Sache que malgré les années qui filent et se défilent, j’attends toujours ton arrivée avec autant de frénésie. La saison des récoltes passée, ta froideur s’installe irrémédiablement comme un gage de ton pèlerinage en nos terres maraîchères. Ton odeur singulière est telle qu’elle me donne envie de respirer lentement et profondément. Je prends plaisir à humer ta douceur et à la laisser me posséder. Elle se fraie ainsi un chemin jusque dans mes poumons, si bien que je me plais à vivre ce moment avec exaltation. Chaque année, j’espère ardemment l’instant où je verrai la blancheur de tes flocons descendre du ciel en virevoltant joyeusement. Lorsque tu te pares de tes habits les plus saillants, mon cœur d’enfant s’émerveille devant tant d’élégance. Tu revêts alors ta robe d’une pureté inégalée, apaisant par le fait même les âmes agitées.

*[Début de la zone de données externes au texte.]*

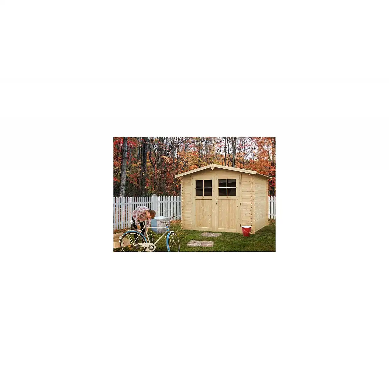 Зберігання вашого майна є дуже важливим питанням у процесі догляду за ним. Належним чином доглядайте за своїми робочими інструментами та іншими предметами, які потребують укриття в міжсезоння. Ідеальне місце для цього – садовий будиночок Вогник, який ви можете розмістити в будь-якому місці свого саду. Його класичний зовнішній вигляд дозволяє вписати його в будь-який стиль саду. Покрівля, покрита бітумною повстю, забезпечує захист від несприятливих погодних умов, а її двосхила конструкція запобігає накопиченню води та снігу. Подвійні двері полегшують доступ до речей, що зберігаються всередині, а замок гарантує додаткову безпеку. Засклені вікна в дверях забезпечують освітлення інтер'єру невеликого садового складу.

Fouler les sentiers enneigés, faire des balades en traîneau et des jeux rigolos sous la neige avec Anna-May est le plus beau des cadeaux. Voir ses yeux s’écarquiller et son visage s’illuminer tandis que tes flocons viennent lui chatouiller le bout du nez m’émeut chaque fois. Dans la chaleur de notre logis, je chéris nos matinées à trainailler tous les trois dans le lit où règnent d’adorables histoires. Boire un chai latté, lire un recueil de nouvelles et écrire des récits alors que ma fille dort paisiblement me pousse à profiter de chaque instant.
Tu amènes avec toi un des plus chaleureux moments de l’année où règnent joie et festivités. Décorer le sapin en le parant de ses plus beaux atours tout en écoutant du Michael Bublé est une activité que je prends plaisir à réaliser. Observer Anna-May s’émerveiller devant les lumières scintillantes et l’entendre me demander de les allumer pour son plus grand bonheur me ravit. Visionner des films où l’on célèbre le temps des fêtes est une tradition par ici. Souligner l’anniversaire de ma fille ainsi que le mien ajoute au fait que je t’apprécie.

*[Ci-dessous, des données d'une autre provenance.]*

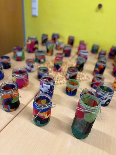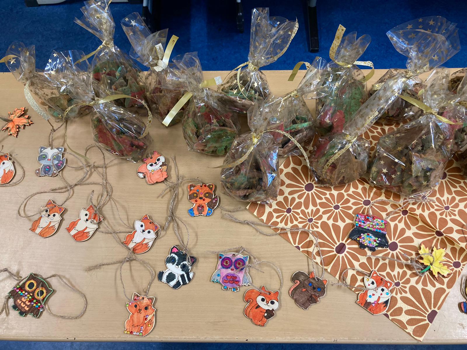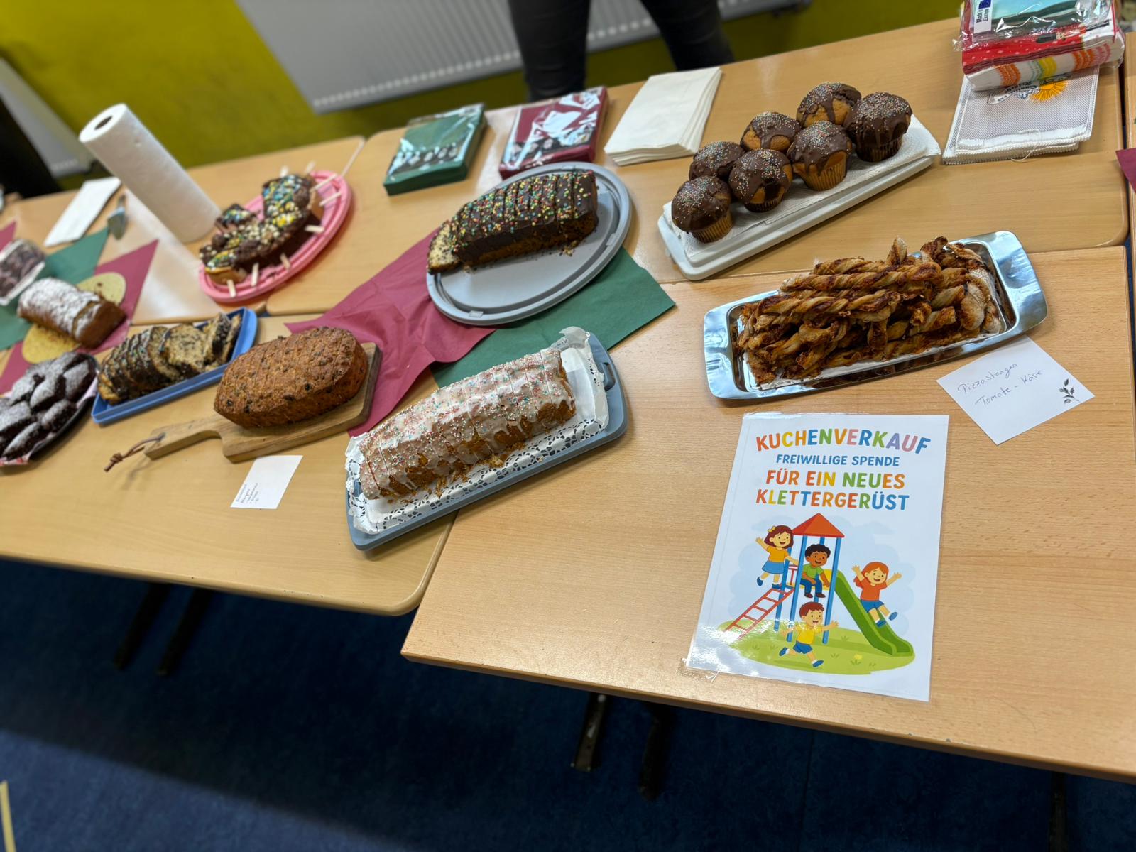Für das leibliche Wohl sorgte ein köstliches Kuchenangebot, das von vielen fleißigen Eltern vorbereitet wurde. Außerdem präsentierten die Kinder stolz ihre selbst gebastelten Produkte aus dem Projekttag, die gegen eine freiwillige Spende mitgenommen werden konnten.

Malgré tout cela, ton règne doit s’achever. Surtout, n’aie aucun regret. Tu as su briller et te démarquer comme à chaque moment où tu réapparais. Tu nous as gâtés plusieurs fois avec tes grands froids et tes nombreuses tempêtes, peut-être un peu trop parfois. Bien que je t’affectionne particulièrement, je dois t’avouer être enthousiaste à l’arrivée du printemps. Je sens que tu n’es pas prêt à nous quitter, mais tu dois maintenant céder ta place à la saison du renouveau. Je sais que nous nous retrouverons bientôt, alors pourquoi t’éterniser? Va te reposer et laisse la chaleur rayonner. Laisse au printemps le bonheur de voir les bourgeons fleurir, d’entendre les oiseaux chanter et d’observer la nature renaître de ses cendres. Laisse à la terre la possibilité d’absorber ta blancheur pour laisser place aux tapis de mousse verdoyants. Va et pars maintenant. Je t’en supplie. Après tout, ce n’est qu’un aurevoir.